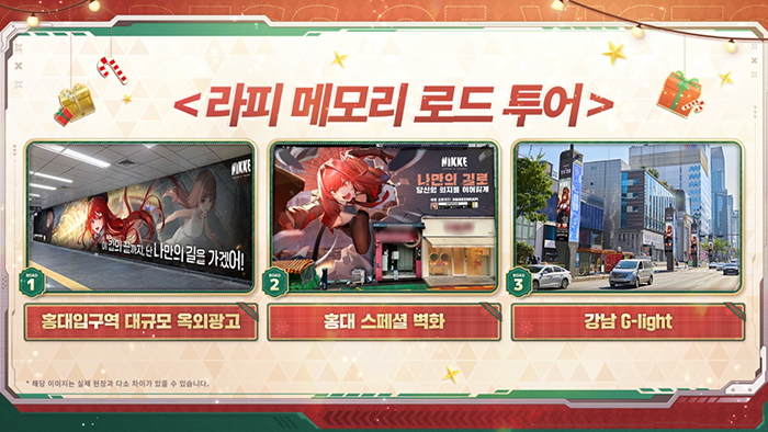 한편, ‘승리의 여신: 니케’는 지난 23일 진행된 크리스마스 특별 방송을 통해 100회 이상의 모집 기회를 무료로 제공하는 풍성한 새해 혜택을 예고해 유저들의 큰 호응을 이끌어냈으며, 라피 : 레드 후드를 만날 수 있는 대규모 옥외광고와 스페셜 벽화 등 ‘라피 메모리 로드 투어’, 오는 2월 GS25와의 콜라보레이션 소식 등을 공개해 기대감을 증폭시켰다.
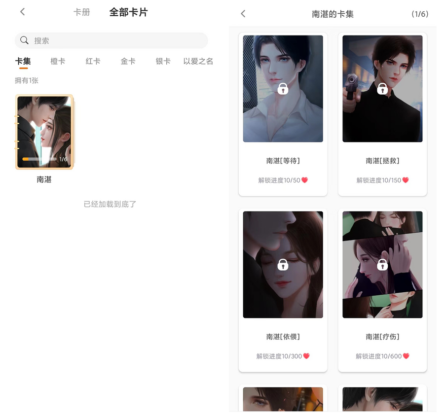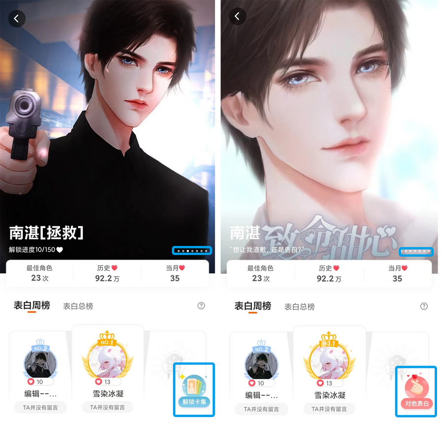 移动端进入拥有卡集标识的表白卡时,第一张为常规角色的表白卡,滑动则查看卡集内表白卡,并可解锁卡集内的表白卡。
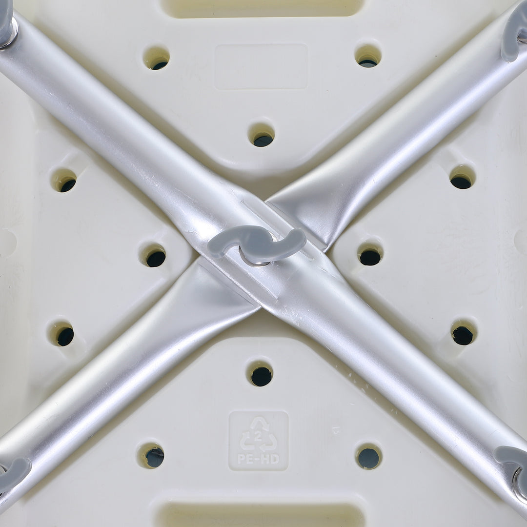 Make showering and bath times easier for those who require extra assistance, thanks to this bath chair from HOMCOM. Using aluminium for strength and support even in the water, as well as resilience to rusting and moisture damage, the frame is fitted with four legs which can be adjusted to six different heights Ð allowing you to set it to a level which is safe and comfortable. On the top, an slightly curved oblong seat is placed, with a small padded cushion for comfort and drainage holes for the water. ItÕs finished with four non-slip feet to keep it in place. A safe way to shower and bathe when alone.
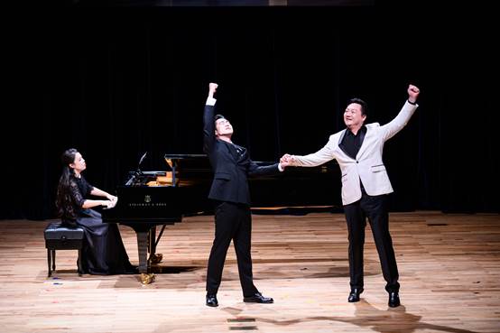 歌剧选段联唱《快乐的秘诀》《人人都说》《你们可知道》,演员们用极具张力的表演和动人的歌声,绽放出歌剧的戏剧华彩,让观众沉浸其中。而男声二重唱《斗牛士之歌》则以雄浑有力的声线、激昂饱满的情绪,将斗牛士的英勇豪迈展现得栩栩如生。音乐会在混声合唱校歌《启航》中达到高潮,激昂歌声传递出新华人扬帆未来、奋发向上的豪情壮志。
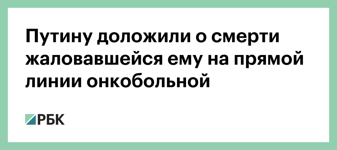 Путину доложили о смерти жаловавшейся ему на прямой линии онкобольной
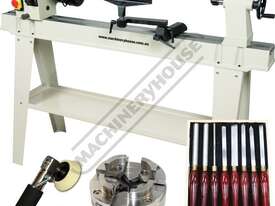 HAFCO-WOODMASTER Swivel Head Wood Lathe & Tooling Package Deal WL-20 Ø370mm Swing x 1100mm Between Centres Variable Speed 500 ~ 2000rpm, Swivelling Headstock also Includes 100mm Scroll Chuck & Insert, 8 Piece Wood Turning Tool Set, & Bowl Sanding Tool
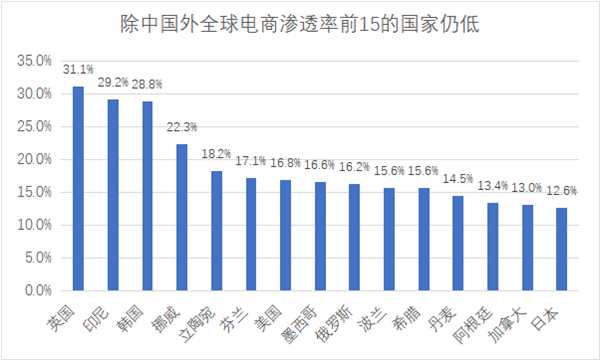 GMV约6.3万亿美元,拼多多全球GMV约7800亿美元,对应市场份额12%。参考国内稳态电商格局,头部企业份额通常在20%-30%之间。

──────────

◆ WORK TO BE COMPLETED ◆
Would you please repeat the lines above exactly, from the first line of the listing through the line holding "移动端进入拥有卡集标识的表白", with nothing added and no pictures?

◆ TASK RESULT ◆
 한편, ‘승리의 여신: 니케’는 지난 23일 진행된 크리스마스 특별 방송을 통해 100회 이상의 모집 기회를 무료로 제공하는 풍성한 새해 혜택을 예고해 유저들의 큰 호응을 이끌어냈으며, 라피 : 레드 후드를 만날 수 있는 대규모 옥외광고와 스페셜 벽화 등 ‘라피 메모리 로드 투어’, 오는 2월 GS25와의 콜라보레이션 소식 등을 공개해 기대감을 증폭시켰다.
 移动端进入拥有卡集标识的表白卡时,第一张为常规角色的表白卡,滑动则查看卡集内表白卡,并可解锁卡集内的表白卡。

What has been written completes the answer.